No wonder Google and Facebook signed on so quick! They'd be happy to give the
appearance of accommodating to grant you control, whilst in reality nudging
you right back toward the typical exploitation path.

Furthermore, some of the principles seem to be self-defeating. "Gender
responsive" and most of the principles that have to do with "systemically
underserved groups" assume the capability to granularly determine or "target"
those in that group; something that defeats the purpose of not being able to
isolate one group or another from service. This is one of those cases where
setting access constraints on a geographic basis would actually be helpful, as
it removes any semblance of an individual's identifying information or
circumstance (except geographic location) from the equation.

Will update as I get further, just got through the government section, and I'm
liking what I see in general, but I still feel that there is a heck of a lot
of concession in the form of implicitly playing exploitative behavior by large
actors getting enshrined in this thing.

Edit:

Under "Keep the Internet available all the time", there are the typical carve
outs for trying to allow content takedowns in ways grounded in law, but
consistent with human rights without any concession to any of the problems
such a carve out creates. See copyright trolling, DMCA abuse, et al.

Government protection and establishment of data rights is actually pretty
good.

The Companies section is basically a regurgitation of the Government
principles with slightly modified language. No comments offered with regards
to multi-nationals, or any responsibility to not act in a parasitic manner to
the user base at large. Again, I can see Google and Facebook buying into this,
because legalistically speaking they can say they've already done most
everything, and there is no implied commitment to actually do or remedy any of
the socially unhealthy things they engage in as business verticals.
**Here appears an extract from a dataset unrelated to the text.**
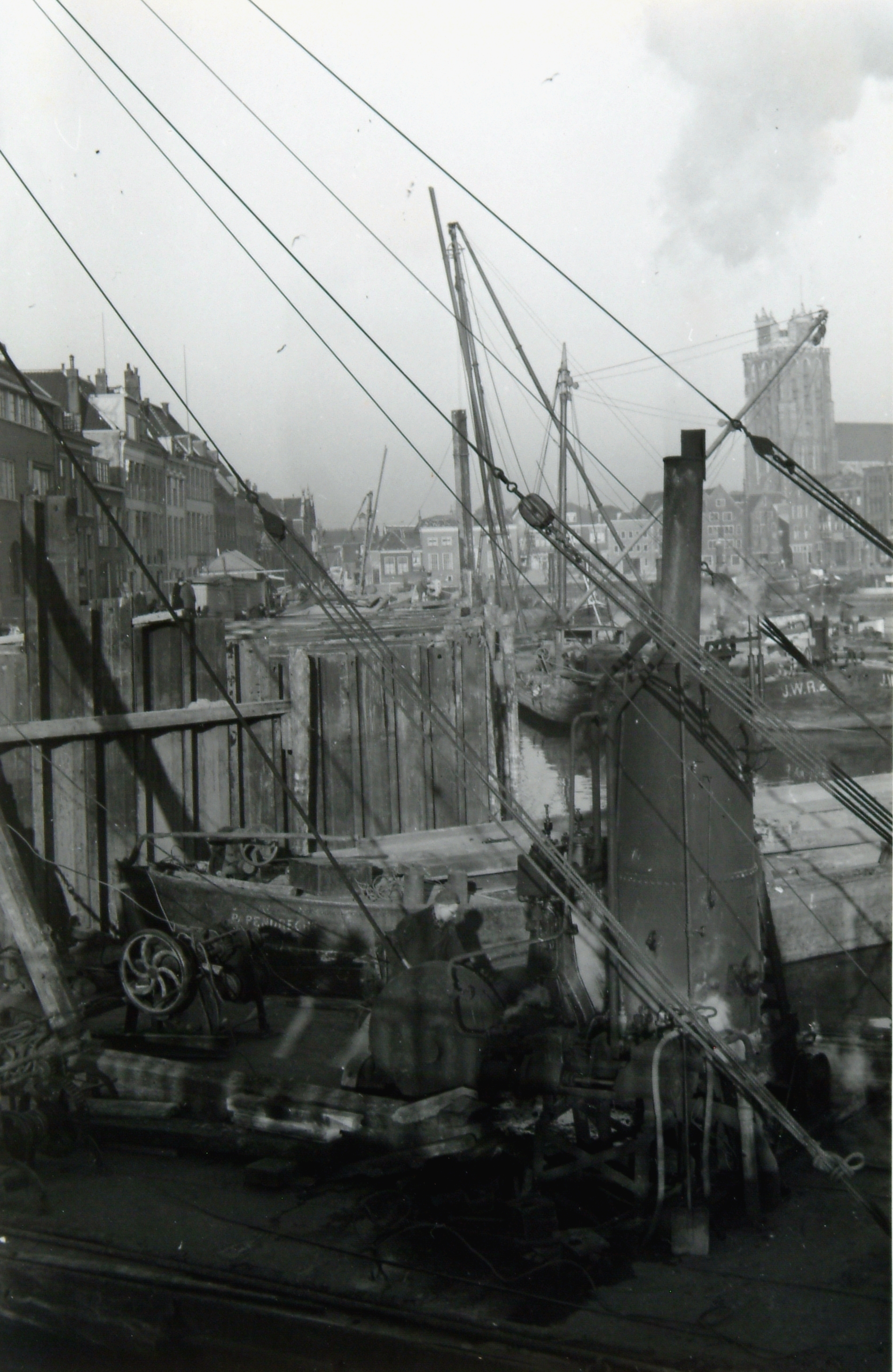 - Bouwwerkzaamheden om de kade van de Binnen Kalkhaven te verbreden. In de voorgrond een door stoom aangedreven kraan, daarachter zijn damwanden te zien.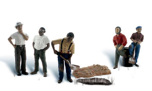 Add this scene to your layout, with five workers…uh, make that one worker, four supervisors and a barrel and pile of dirt!

Principle 6 has the potential to become problematic, as what is the "best" and
"worst" of humanity changes with the beholder. I.e. businesswise, the worst
aspects of human nature drive the best KPI's; so from their point of view
given massive blinders, they'd be doing exactly what they are supposed to on
the tin.

The Citizen section is okay; though 8 still enshrined traceability of groups.
Building that in just seems to be championing the process of using web-based
metadata collection as a viable course of doing business, and does nothing to
condemn targeting of specific groups.